Wikiflix offers up the classics for all to enjoy: 4,000 public domain movies from the last 100 years—and I want games to get the same treatment

If you’re anything like me, you’d probably rather not have to manage five or six different monthly subscriptions to continue enjoying all of the games, movies, and music you love. Or maybe you’re a real film nerd who can’t help but cringe at how woefully lit some modern movies are. Either way, I’ve just found a stone I’m about to huck at both birds.

Wikiflix is a free, online archive of about 4,000 public domain films (via TechCrunch and Annie Rauwerda of Depths of Wikipedia). 1922’s Nosferatu, 1927’s Metropolis, and 1946’s It’s A Wonderful Life are all here, in addition to a wealth of other black and white pictures that deftly answers the question, ‘what would Netflix have looked like 100 years ago?’ It’s incredible to see actors and action from a century ago—and I’m trying very hard not to get on my own ‘why don’t we take videogame preservation as seriously?’ soap box right now.

Wikiflix pulls its video from a variety of sources, including YouTube, Wikimedia Commons, and the Internet Archive but I think the best part is that it’s not just collating early examples of English-language cinema. There’s a selection of live action films from around the world, including India, Japan, Portugal, and Spain—plus a healthy helping of Soviet era animation too.

Though Wikiflix tends to prioritise pictures with a lot of internal site links across Wikipedia, there’s a few curated collections as well. For instance, I think I’m going to spend some of my winter holiday challenging my preconceived notions about filmmaking in the 20th century by watching Wikiflix’s ‘Female Directors’ collection.

Now, if you’re looking for recommendations and I can persuade you to watch just one film from that aforementioned collection, please make it the 1962 Iranian documentary short film The House Is Black.
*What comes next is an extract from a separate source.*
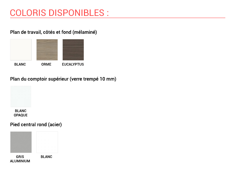épaisseur de 30 mm, offrant durabilité et résistance. Les finitions disponibles pour la structure sont le blanc comme présentée sur la photo mais également des finitions bois comme le Orme et l'Eucalyptus. Un large choix de coloris laqués sont également disponibles mais engendre un surcoût (nous contacter pour plus d'informations).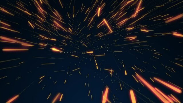 Super fast exploding particles background suggestive of red hot glowing rounds of tracer gunfire ammunition lighting up the night sky. Full HD and looping abstract motion background animation.

It’s 22 minutes long and it is beautiful.

@depthsofwikipedia

Your favorite website should be wikiflix.toolforge.org !!!!!!

♬ original sound – annie rauwerda

While we’re on the subject of curation, the Wikiflix community does also maintain a blacklist to ensure you don’t stumble upon, say, a fascist propaganda film while you’re casually collection hopping around the main page. You can still find such films via search or the blacklist itself, though. Wikiflix explains, “While these items, their video files, their Wikipedia pages etc. are perfectly fine in an educational context, WikiFlix is more focused on entertainment.”

However, it’s not all historical pictures modern morals would find deeply objectionable. Did you know that a cut of 1986’s Virus, one of the most expensive Japanese films ever made at the time, is also available on Wikiflix? It’s got Sonny Chiba and Olivia Hussey in it! It was also a box office flop, but I don’t think that’s going to stop me from giving it a watch. That’s entertainment.